Les implications sociales de cette collusion des libéralismes (les marges de manœuvre des individus dans cette sphère publique bourgeoise) seront traitées plus loin dans cette thèse (parties II, III et conclusion). On retient théoriquement de la sphère publique bourgeoise que l’opinion se forme via la presse et les Salons notamment, via l’usage du raisonnement et en opposition à l’arbitraire monarchique, mais que la dimension politique de ces revendications est liée aux revendications d’un libéralisme économique. Par rapport à la métaphore de transaction, on parle de « publicisation » (mouvement de droite à gauche au haut de la figure 20) au sens où il y a rationalisation de la valeur du bien ou du service, en fonction de son usage concret, mais également au regard de sa valeur symbolique. La publicisation est parallèle à la tarification (bas de la figure 20) : quantitativement, c’est l’effet d’offre et de demande qui entre en jeu, mais qui reste dans le même temps dépendant de son encastrement avec l’opinion. Les institutions dans l’économie de marché sont issues des législations élaborées dans la sphère publique bourgeoise. C’est au travers des institutions issues de la sphère publique bourgeoise que les acteurs font société (Gesellschaft).
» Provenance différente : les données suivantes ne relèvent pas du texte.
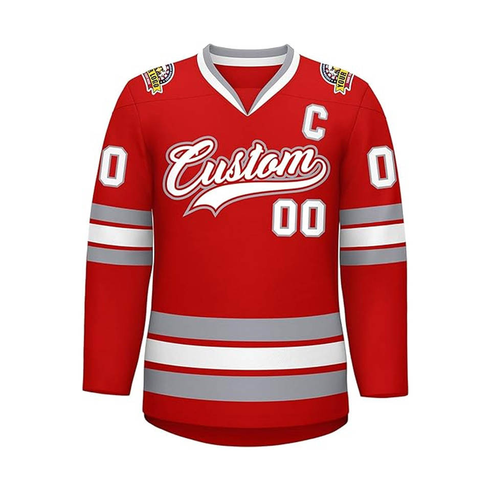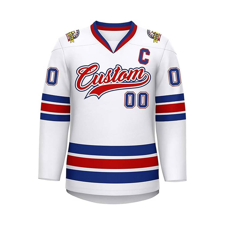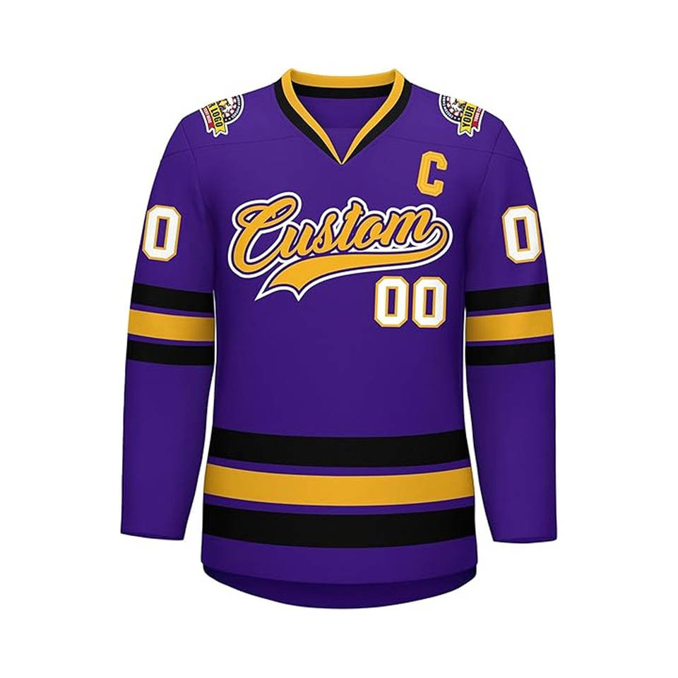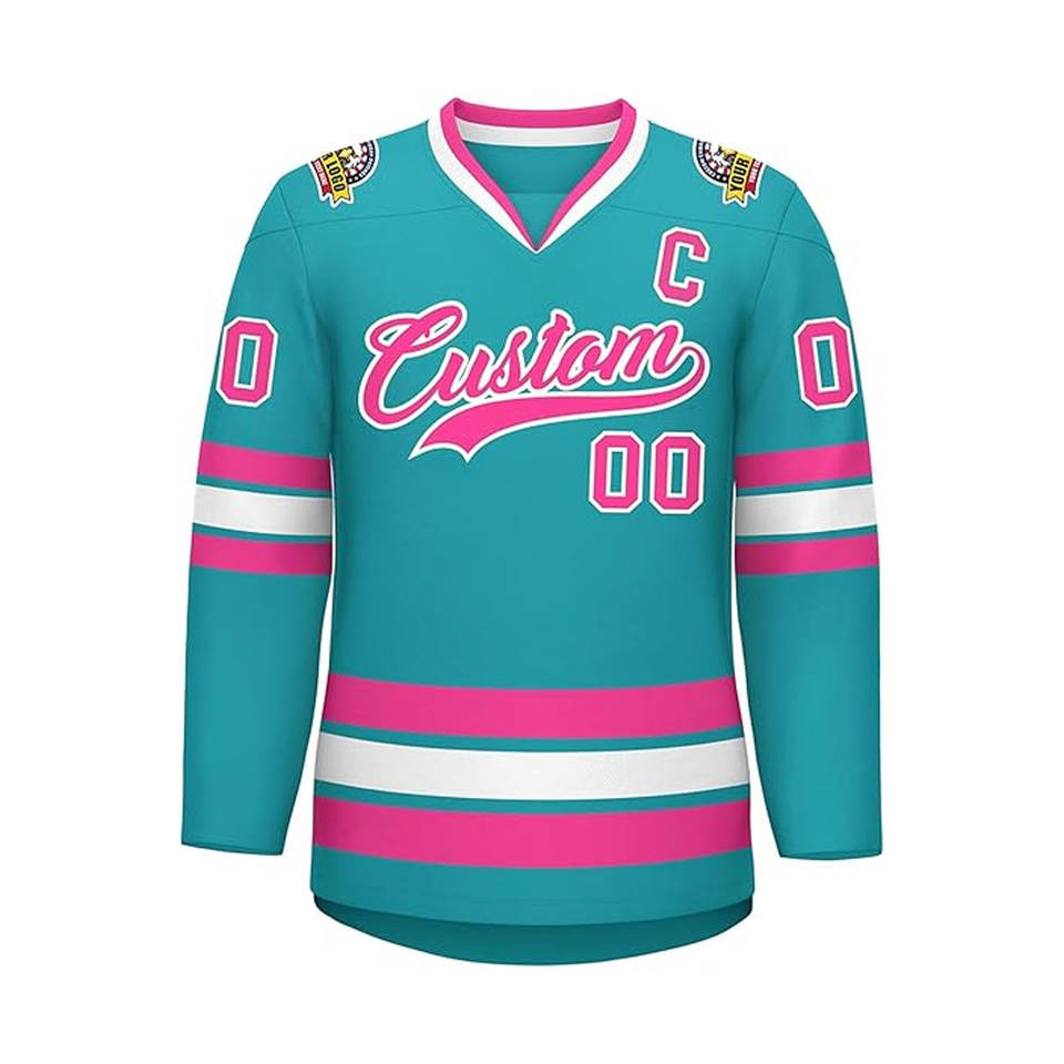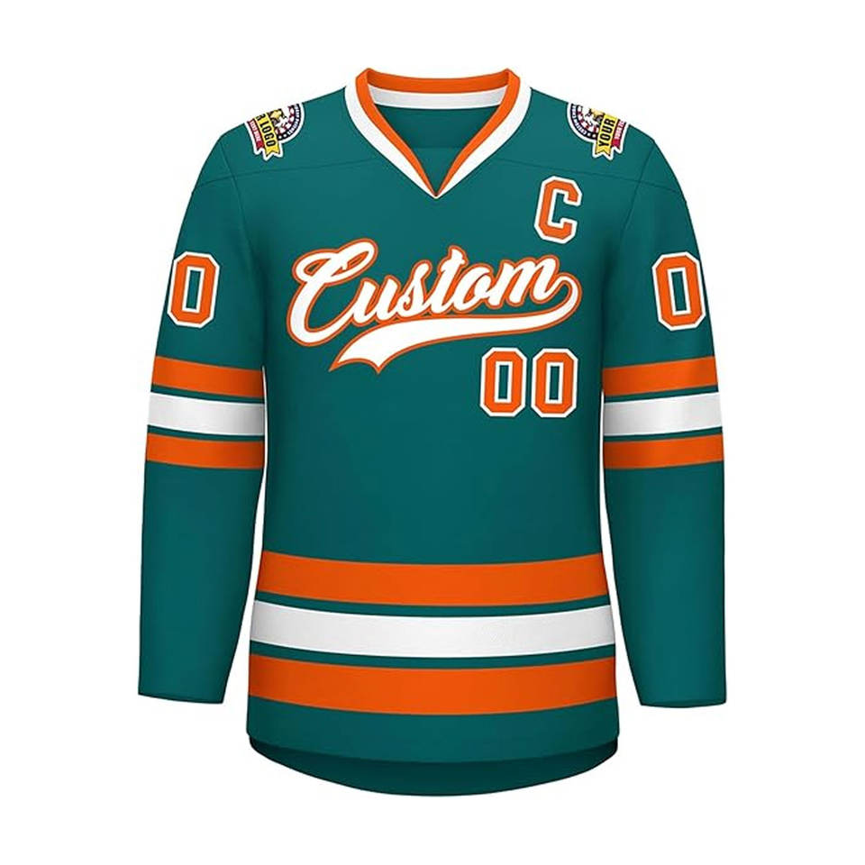 เสื้อฮอกกี้น้ำแข็งพิมพ์ลายตามสั่ง แขนยาว ชื่อทีม เบอร์ โลโก้-ออกแบบสีของคุณเอง โพลีเอสเตอร์ 100% บริการ OEM
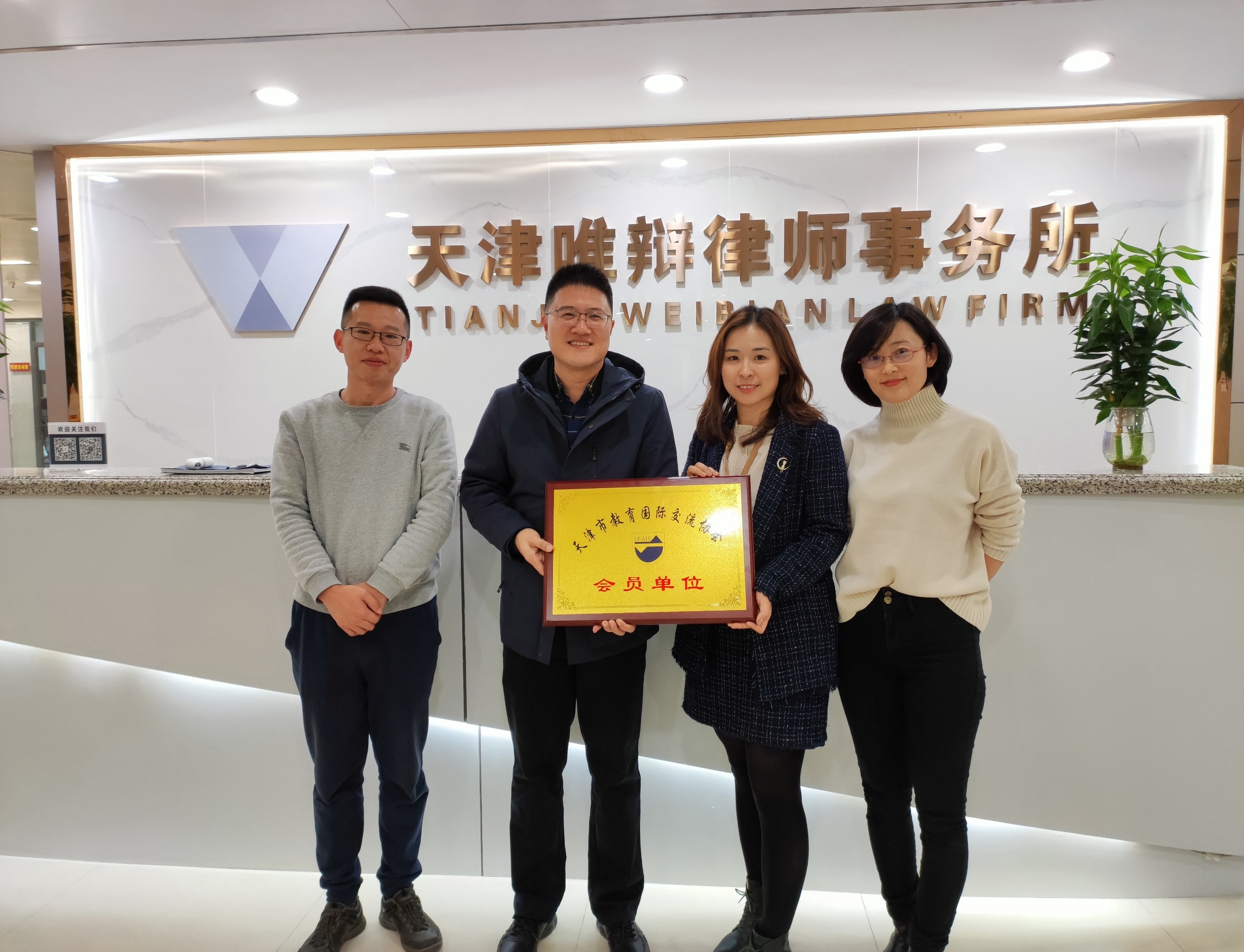 2021年12月2日,天津市教育国际交流协会副会长兼秘书长胡少培、副秘书长郭自强对天津唯辩律师事务所进行访问,与天津唯辩律师事务所签订战略合作协议,并授予天津唯辩律师事务所会员单位称号。天津唯辩律师事务所高级合伙人柴冬环律师等负责人出席,双方就签订合作协议后的目标方向展开深度交流。

Aujourd’hui, l’espace de coordination sur la scène symbolique est beaucoup plus vaste : les mobilités dans cet espace ont considérablement évolué. Au début du xxe siècle, Tarde identifie l’importance de ce phénomène : « Mais le public est indéfiniment extensible, et comme, à mesure qu’il s’étend, sa vie particulière devient

plus intense, on ne peut nier qu’il ne soit le groupe social de l’avenir » (Tarde, 2006 [1901], p. 15). Ainsi, comme pour Habermas, la « sphère publique bourgeoisie » est ici mobilisée comme une catégorie caractérisant une époque déterminée, mais le principe sur lequel elle a pris son essor politique et économique est resté sociologiquement pertinent de manière plus large. Plutôt qu’un groupe social, la sphère publique, en tant que sphère de la communication et espace de la pratique de la rationalité, est la condition de la constitution de groupes sociaux qui permet de dépasser les frontières privées de la communauté (Gemeinschaft) tout en préservant les libertés individuelles et la subjectivité : c’est à ce principe complexe que le concept de scène symbolique fait référence.